British organist and organ designer (1904–1993)

Ralph William Downes (16 August 1904 – 24 December 1993) was an English organist, organ designer, teacher and music director and was Professor of Organ in the Royal College of Music.

== Biography ==
Downes was born in Derby and studied at the Royal College of Music from 1922 to 1923 under Walter Alcock, Henry Ley, and Edgar Cook.
He was then assistant organist at Southwark Cathedral from 1923 until 1925, before moving to Keble College, Oxford (where he was also Organ Scholar to continue his education (1925 to 1928)). He was then musical director and organist at the E.M. Skinner organ of the new chapel at Princeton University between 1928 and 1935, before returning to London.

During his time in America, Downes was influenced by the organ builder G. Donald Harrison and the harpsichordist Ralph Kirkpatrick, and other baroque music performers. These influences persisted on his return to London, where he was appointed as organist of the London Oratory (a post he would hold from 1936 to 1977). His recitals and broadcasts were known for their use of historical performance styles, which was uncommon at the time. He gave first performances on British soil of organ pieces by composers such as Darius Milhaud, Paul Hindemith and Arnold Schoenberg. He was the only instrumentalist whom Benjamin Britten invited to perform at every Aldeburgh Festival in Britten's lifetime.

In 1948, he was commissioned to design the organ for the Royal Festival Hall. When the organ was first unveiled in 1954, it caused some controversy, but it proved to be the beginning of what is now perceived as the classical reform movement in organ design, leaving behind the vast edifices of Victorian civic instruments in favour of a simpler and more cohesive sound, more characteristic of the Baroque era. Although the final result was still not wholly to his taste, lacking in some tonal colours which he would have preferred, it clearly pointed the way to the "modern" British organs such as those built by Grant, Degens and Bradbeer (see New College Oxford) and Mander. Downes helped execute the rebuilding of many famous organs, including St Albans Cathedral (in 1963) and Gloucester Cathedral (in 1971).

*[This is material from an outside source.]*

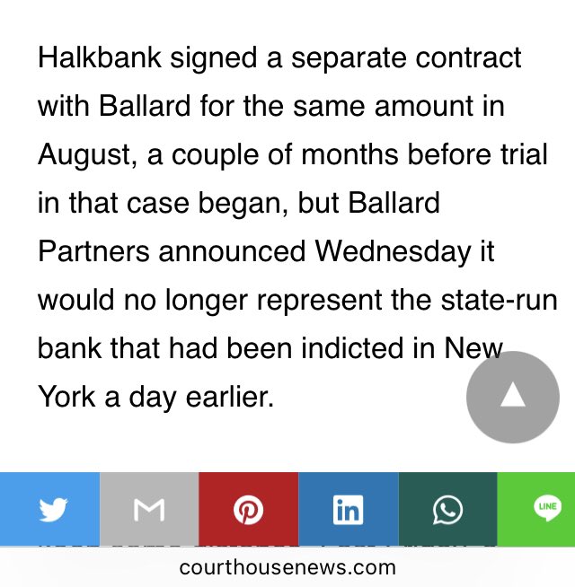 Halkbank signed a separate contract with Ballard for the same amount in August, a couple of months before trial in that case began, but Ballard Partners announced Wednesday it would no longer represent the state-run bank that had been indicted in New York a day earlier.

He was Professor of Organ in the Royal College of Music from 1954 to 1975 and was regarded as the leading organ teacher of his day. His influence on students such as Dame Gillian Weir, Thomas Trotter, John Scott and Roucher du Toit is a matter of record. He also taught Trevor Pinnock. It was Downes who urged Weir to compete in the prestigious St Albans International Organ Festival at St Albans, where she took first prize. Downes visited the Festival numerous times.

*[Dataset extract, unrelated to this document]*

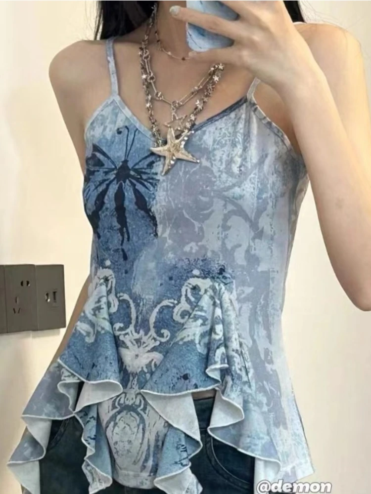 Advbridge Sexy Crop Tops Women's Clothing Fashion Summer Vest Floral Ruffles Tunic Backless Camis Korean Irregular Y2k Tanks Ropa Mujer

Recordings of Downes at the organ are still available, notably those with Benjamin Britten and Peter Pears. He recorded Bach's organ music to acclaim. Many of his recordings were made on the Royal Festival Hall organ, however he also recorded at the London Oratory, where he designed the Grand Organ built by JW Walker. He wrote about his organ design philosophy in Baroque Tricks (Positif, Oxford, 1983).

He was appointed CBE in 1969. In 1970 he was made a Papal Knight of the Order of St Gregory the Great. He died in 1993. The organ was silent at his funeral, at his request, to make way for Gregorian chant of which he had grown fond following his conversion to Catholicism.

His son was the distinguished architectural historian Kerry Downes (1930-2019).